Carbon reduction clock is ticking for farming
Published 23/09/2015 | 02:30
Carbon has rarely weighed heavily on the minds of Ireland's farmers, not even dairy farmers hoping to significantly increase their production following the end of milk quotas.
But carbon should be a concern because Ireland, as part of the EU's climate and energy policies, has limits on the total amount of carbon it can release to the atmosphere in the form of greenhouse gases.
These limits will bite in the remaining years of this decade. By 2020, the EPA estimates that the sectors covered by our national emissions ceiling, which include agriculture, will be releasing 6-11pc more emissions than allowed under that ceiling. By 2020 agriculture will be responsible for 45pc of those emissions in Ireland, with transport the next most important sector.
This ceiling is set as part of an internal burden-sharing agreement under the EU's Effort Sharing Decision, which allocates the total EU ceiling between the EU member states. Ireland's 2020 target is to reduce its emissions by 20pc compared to 2005.
The EU has begun to put in place its climate policy targets for 2030. The European Council has agreed to an overall target reduction of 30pc in emissions from the sectors covered by the Effort Sharing Decision. It recognises that national circumstances differ, and has agreed that national targets will vary between reductions of 0pc to reductions of 40pc compared to 2005.

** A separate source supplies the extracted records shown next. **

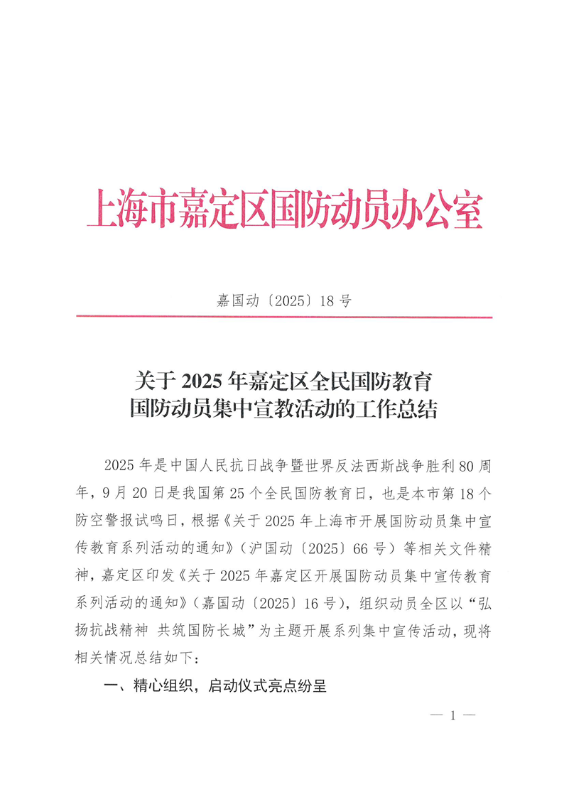 上海市嘉定区国防动员办公室 2025年10月9日印发 |
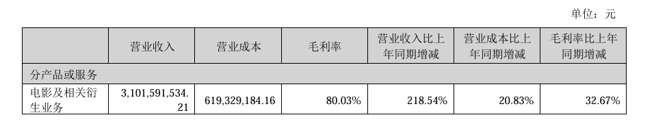 据半年报,光线传媒业务以影视项目的投资、制作、发行为主,主要产品为影视作品及相关衍生内容,业务已覆盖电影、电视剧 (网剧)、动漫、IP 运营、音乐、文学、艺人经纪、实景娱乐、产业投资等领域。公司电影及相关衍生业务上半年营业收入 31.02 亿元,同比增长 218.54%,毛利率为 80.03%。以此计算,电影及相关衍生业务在公司总营收中占比 95.68%。
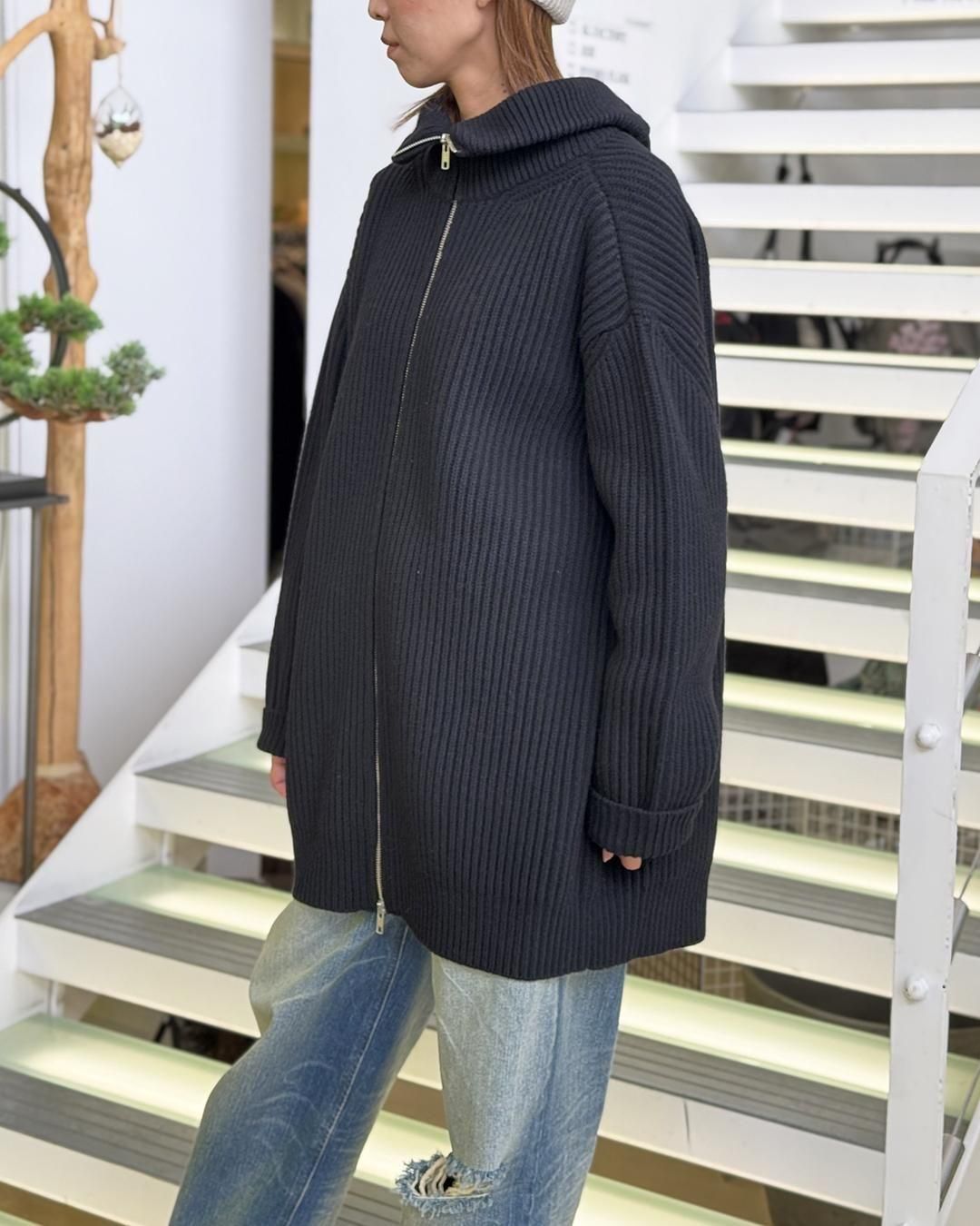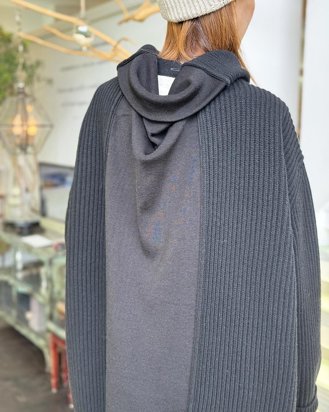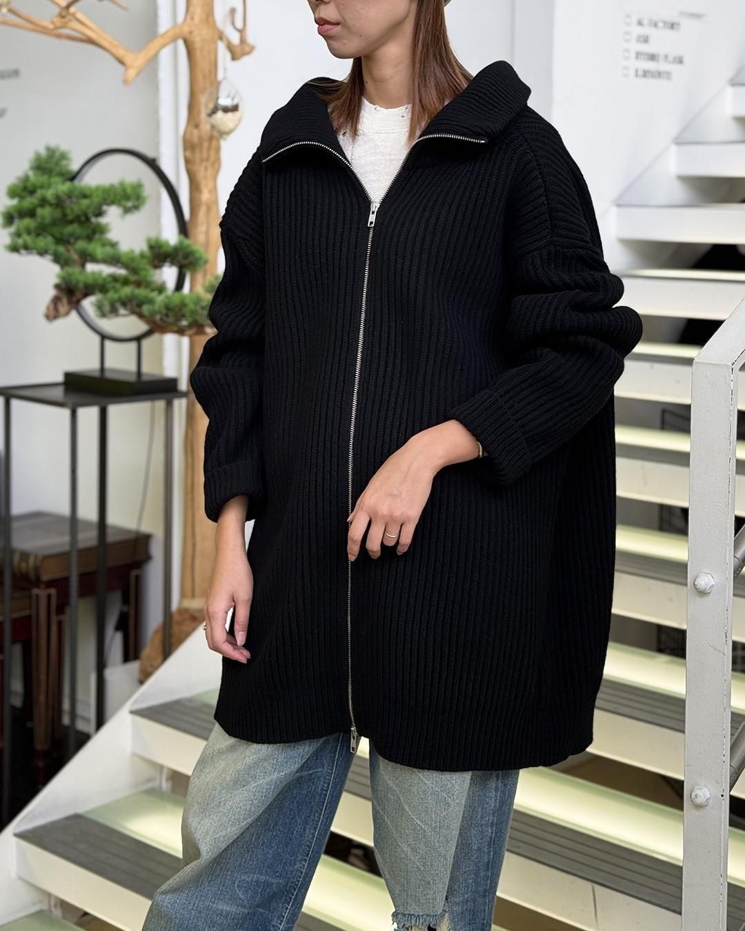 オーバーサイズシルエットのジップアップセータードレス。バックに折りたたみ式のインサートパネルを備え、広げることでシルエットがさらに強調されます。リラックスしたフィット感、ドロップショルダー、流れるようなドレープが特徴で、ニットウェアを静かに再解釈しています。 バックには1本の白いステッチラインが施されています。
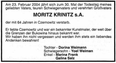 “23 лютого 2004 року виповнюється 30 років від дня смерті мого улюбленого батька, дорогого свекра та шановного дідуся Моріца Криніца, який у віці 64 років
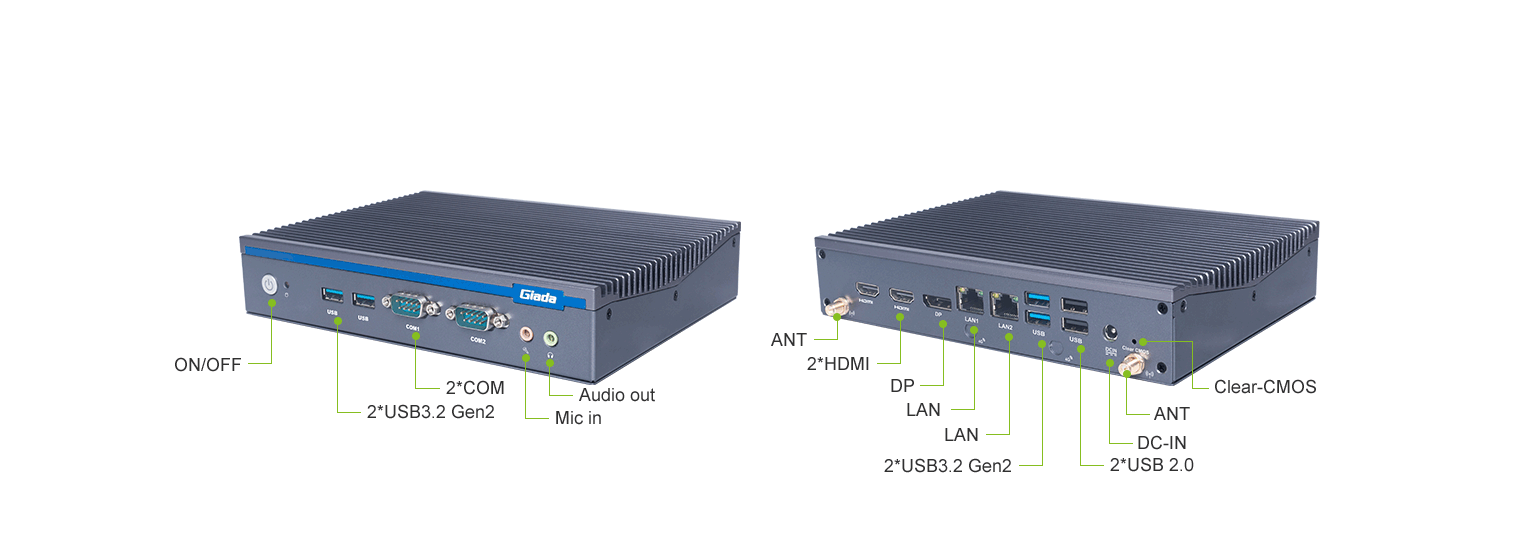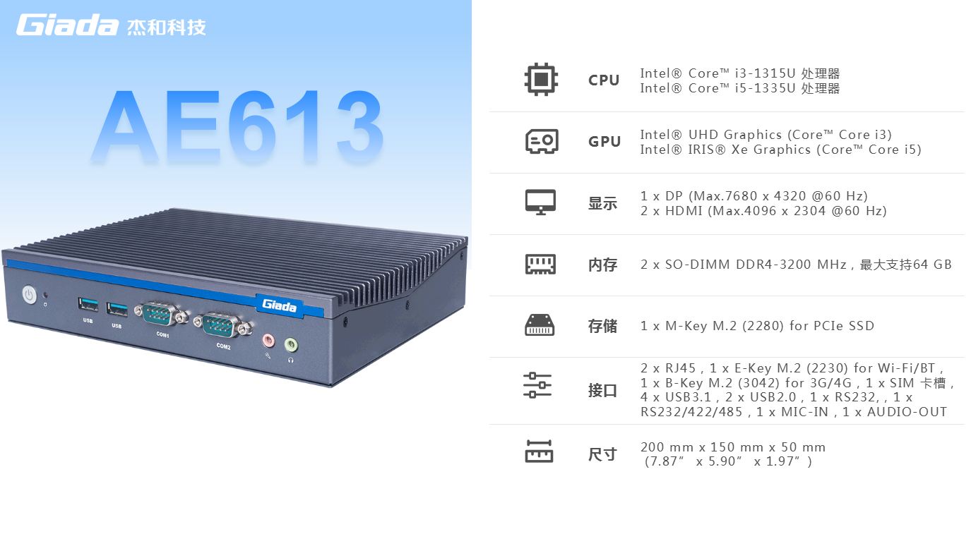 熊猫科技AE613支持Windows 11 (64bit) /Linux Ubuntu (64bit)系统,双千兆自适应RJ45网口,4 x USB3.1 (10 Gbps),2 x USB2.0,1 x RS232,,1 x RS232/422/485,1 x MIC-IN,1 x AUDIO-OUT,丰富的I/O功能接口,实现更多功能扩展。
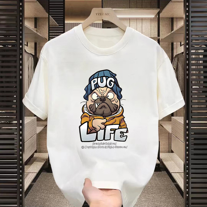 공장 도매 남성 미국 패션 동물 패턴 인쇄 느슨한 반 소매 탑 올 매치 반팔 티셔츠스토어 가기
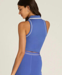 Một chiếc áo polo tennis có tính năng kỹ thuật cao, với thiết kế dáng hơi ngắn.
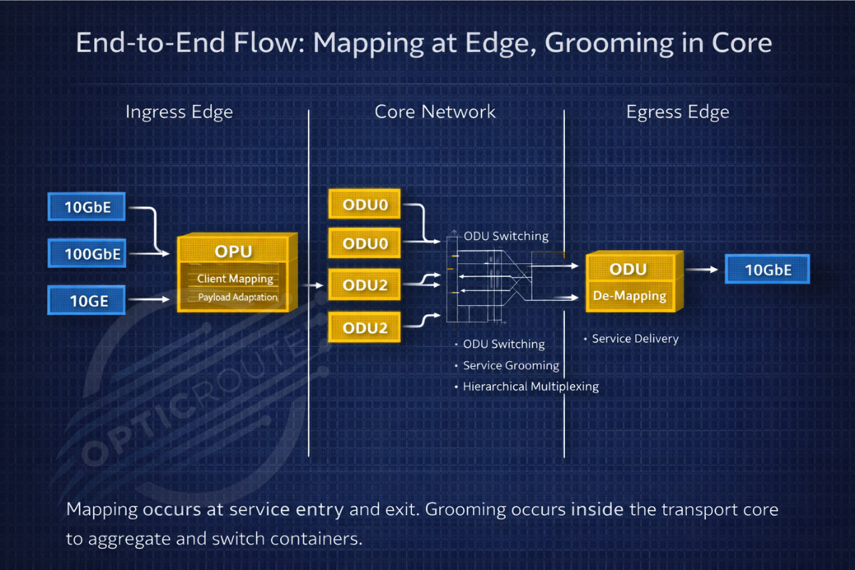 End to end flow showing client mapping at ingress and grooming in core network.

The allocation will be done on the basis of relative GDP per capita, but the European Council has agreed to take into account the multiple objectives of agriculture and land use, and their lower mitigation potential is acknowledged.
A best case scenario for Irish agriculture might be that the existing target of a 20pc reduction compared to 2005 is extended to 2030 but the ultimate target could be higher.
Irish negotiators are looking for the lowest possible reductions and the highest possible ceiling.